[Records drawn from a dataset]
+ + + +

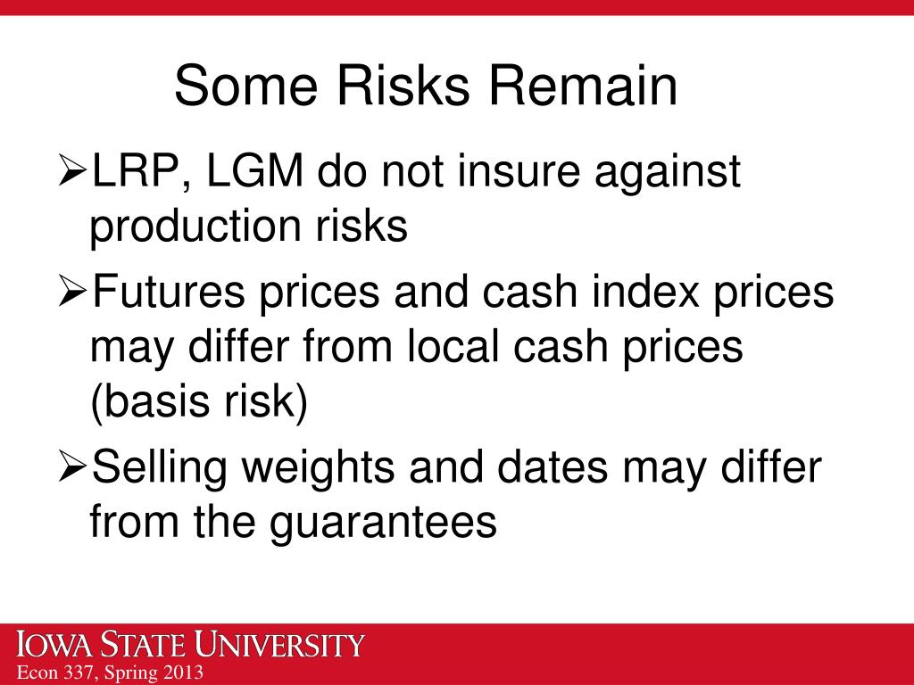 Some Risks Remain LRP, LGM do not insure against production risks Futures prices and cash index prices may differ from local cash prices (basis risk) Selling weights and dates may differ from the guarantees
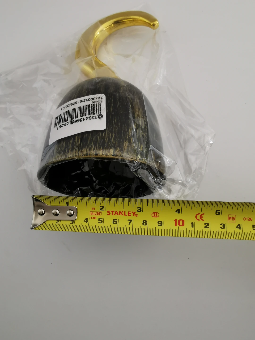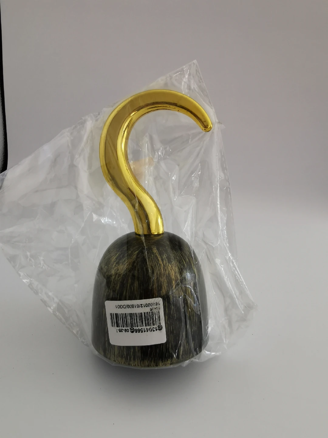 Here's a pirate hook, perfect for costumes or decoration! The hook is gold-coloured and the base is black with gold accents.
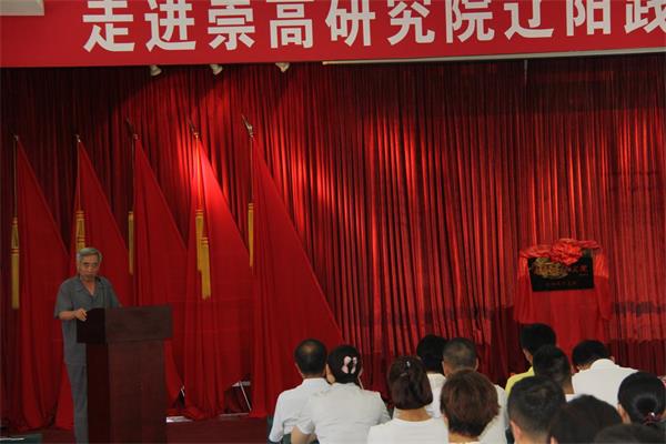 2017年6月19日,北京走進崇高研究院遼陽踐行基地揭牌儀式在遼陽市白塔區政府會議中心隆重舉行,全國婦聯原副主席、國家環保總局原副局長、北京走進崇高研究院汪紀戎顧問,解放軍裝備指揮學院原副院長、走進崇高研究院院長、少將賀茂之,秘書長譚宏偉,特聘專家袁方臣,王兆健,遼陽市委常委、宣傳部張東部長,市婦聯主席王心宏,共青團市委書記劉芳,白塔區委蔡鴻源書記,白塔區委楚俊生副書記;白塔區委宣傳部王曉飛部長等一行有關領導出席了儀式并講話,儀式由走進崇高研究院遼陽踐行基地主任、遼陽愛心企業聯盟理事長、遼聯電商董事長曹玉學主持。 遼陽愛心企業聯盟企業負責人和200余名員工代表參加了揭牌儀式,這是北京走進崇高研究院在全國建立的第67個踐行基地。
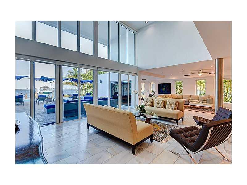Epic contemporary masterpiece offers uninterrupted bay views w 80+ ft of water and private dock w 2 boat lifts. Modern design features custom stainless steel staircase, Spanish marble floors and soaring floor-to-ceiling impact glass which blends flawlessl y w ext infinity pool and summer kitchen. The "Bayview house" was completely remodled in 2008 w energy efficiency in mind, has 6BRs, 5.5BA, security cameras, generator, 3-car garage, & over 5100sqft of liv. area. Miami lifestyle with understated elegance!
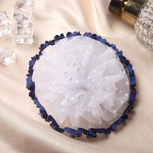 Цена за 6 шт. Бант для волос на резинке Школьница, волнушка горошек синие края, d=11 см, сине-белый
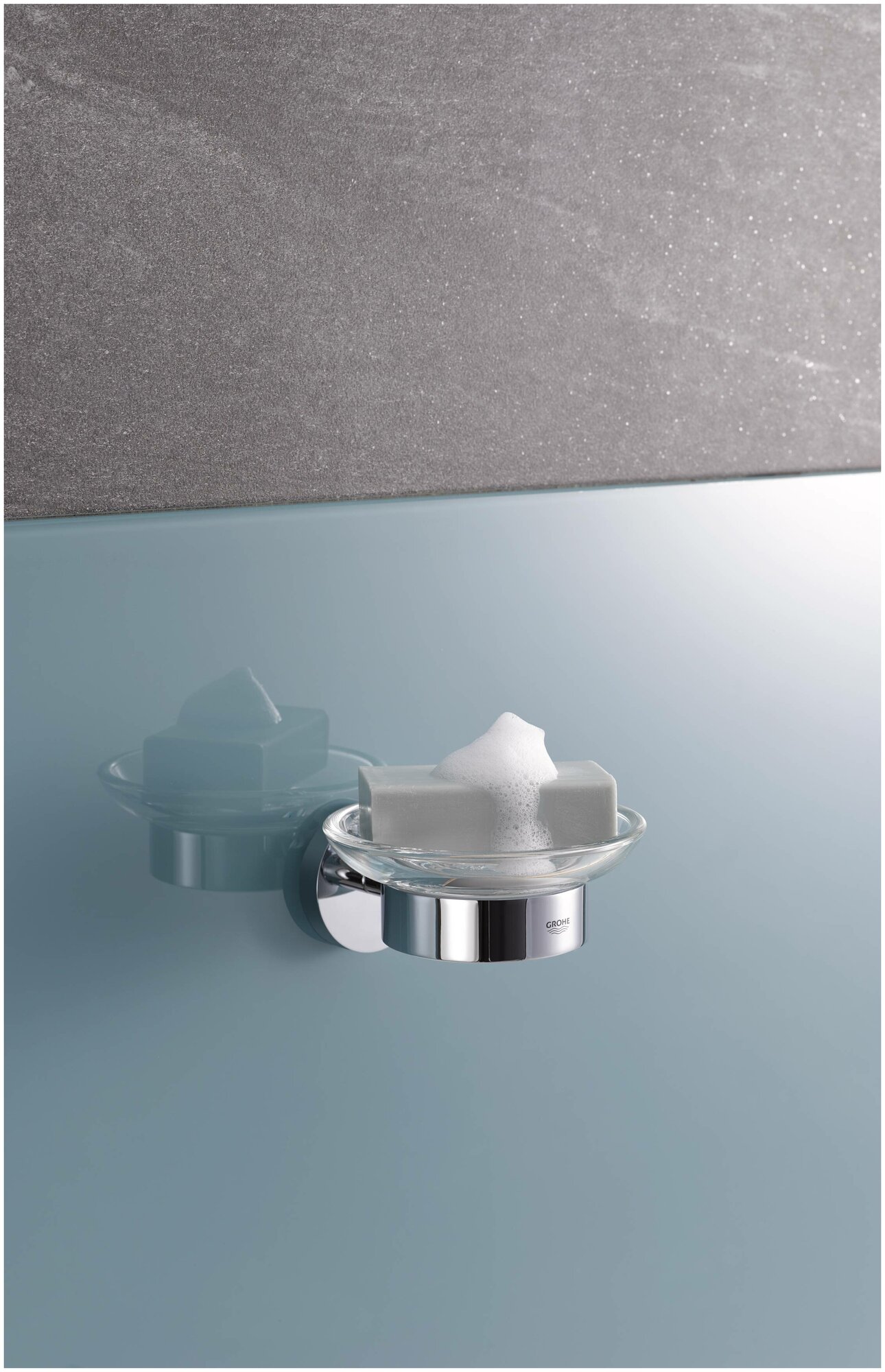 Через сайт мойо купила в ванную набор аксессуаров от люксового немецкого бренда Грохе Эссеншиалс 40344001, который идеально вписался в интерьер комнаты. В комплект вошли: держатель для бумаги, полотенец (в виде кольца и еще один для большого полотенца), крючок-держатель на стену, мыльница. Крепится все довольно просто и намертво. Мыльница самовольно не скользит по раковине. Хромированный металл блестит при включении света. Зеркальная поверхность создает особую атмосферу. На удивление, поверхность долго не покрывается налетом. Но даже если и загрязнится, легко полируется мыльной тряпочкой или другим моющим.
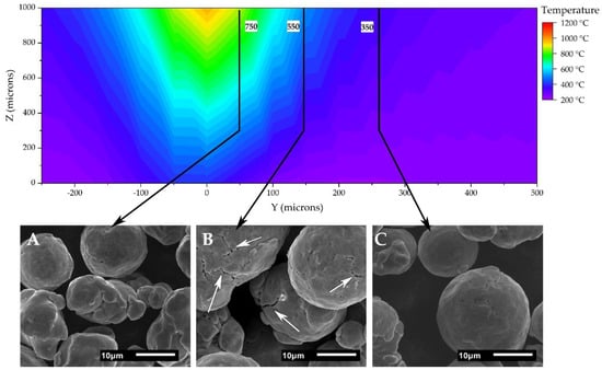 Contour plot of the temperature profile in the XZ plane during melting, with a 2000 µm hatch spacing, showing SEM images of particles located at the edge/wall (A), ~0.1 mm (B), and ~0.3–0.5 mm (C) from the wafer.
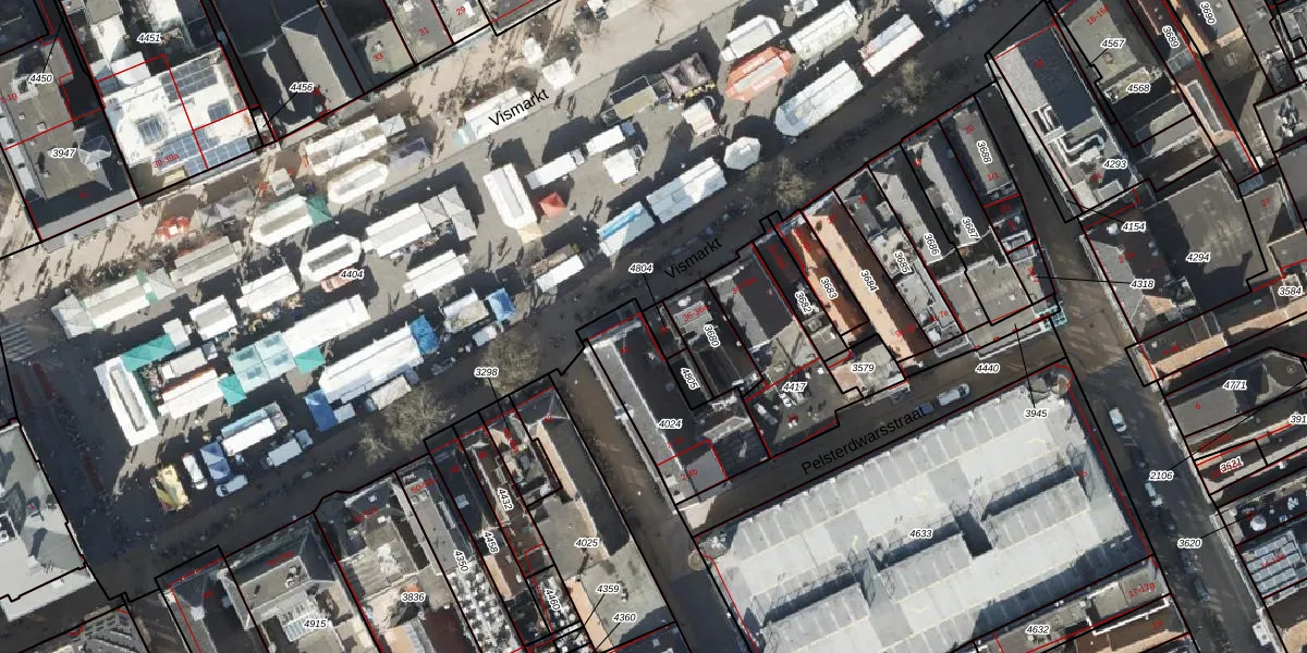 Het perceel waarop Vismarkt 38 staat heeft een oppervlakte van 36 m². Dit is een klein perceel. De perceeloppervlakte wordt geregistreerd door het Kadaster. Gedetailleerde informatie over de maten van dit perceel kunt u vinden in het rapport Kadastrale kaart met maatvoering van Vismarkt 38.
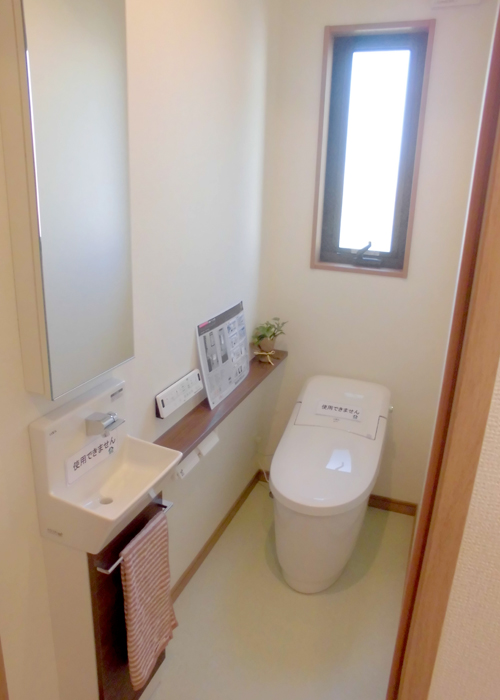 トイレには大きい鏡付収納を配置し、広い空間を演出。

+ + + +

Please write out, word for word, each line from the one with "Contour plot of" to the last line of the data, keeping both ends and omitting pictures.

**WRITTEN RESPONSE**:
 Contour plot of the temperature profile in the XZ plane during melting, with a 2000 µm hatch spacing, showing SEM images of particles located at the edge/wall (A), ~0.1 mm (B), and ~0.3–0.5 mm (C) from the wafer.
 Het perceel waarop Vismarkt 38 staat heeft een oppervlakte van 36 m². Dit is een klein perceel. De perceeloppervlakte wordt geregistreerd door het Kadaster. Gedetailleerde informatie over de maten van dit perceel kunt u vinden in het rapport Kadastrale kaart met maatvoering van Vismarkt 38.
 トイレには大きい鏡付収納を配置し、広い空間を演出。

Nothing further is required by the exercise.